The diagram is a representational construct of the whole of a plant and its relationship within itself and to its operational goals. It is constructed by first listing the major plant processed entities from entry at battery limits (from outside or another portion of the plant) to exit from battery limits. Adjacent bars mean that the entities they represent are functionally (if not physically) closely related in their processing steps. A bar to the left of another bar means that the one before comes before the one after in the normal "flow" of production. For each bar, the height shows how far away it is from a proper target. A "target" is not normally the related controller setpoint. Rather, the target represents the expected value of the particular attribute needed for long-term effective production. Right on target would be a bar of zero height. Values higher than target would be a bar height above zero, values below target would be a bar below zero.
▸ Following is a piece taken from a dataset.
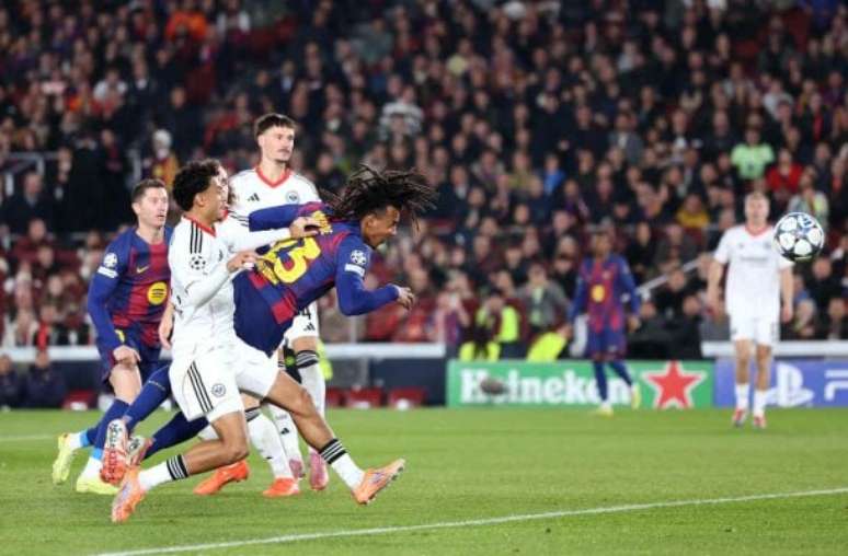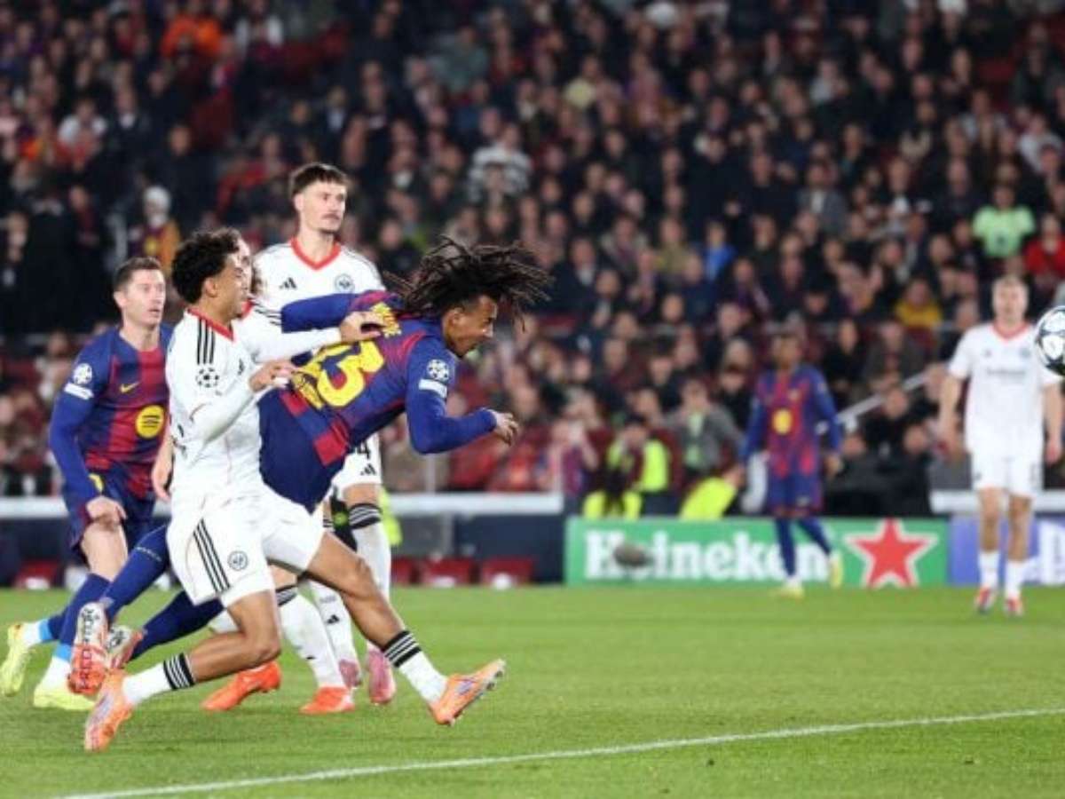 O Barcelona venceu o Eintracht Frankfurt por 2 a 1, de virada, nesta terça-feira (9), pela 6ª rodada da fase de liga da Champions 2025/26, que marcou o retorno do time ao Camp Nou na maior competição de clubes do futebol europeu. Knauff abriu o placar para os alemães no primeiro tempo, mas o lateral francês Jules Koundé marcou dois gols de cabeça na segunda etapa e confirmou a vitória.

Now we get to the part about what the diagram is intended to illustrate. Even if this is the first time ever looking at one, you can easily spot anywhere and everywhere there is abnormality in the plant. A single or isolated strongly deviating bar (at position 5 for example) means that something is clearly is "wrong," but its effect is strictly localized, for example, a failing transmitter that is not a part of a control loop. Groups of noticeably deviating bars (at positions 25 through 29 in our example) suggest that a broader area of the process is abnormal.
With a glance, the observer has a broad overview of the entire process, and if a good job was done selecting the variables to display, a good understanding of the overall process. It is a simple, yet powerful, visual agent! It's only one of many.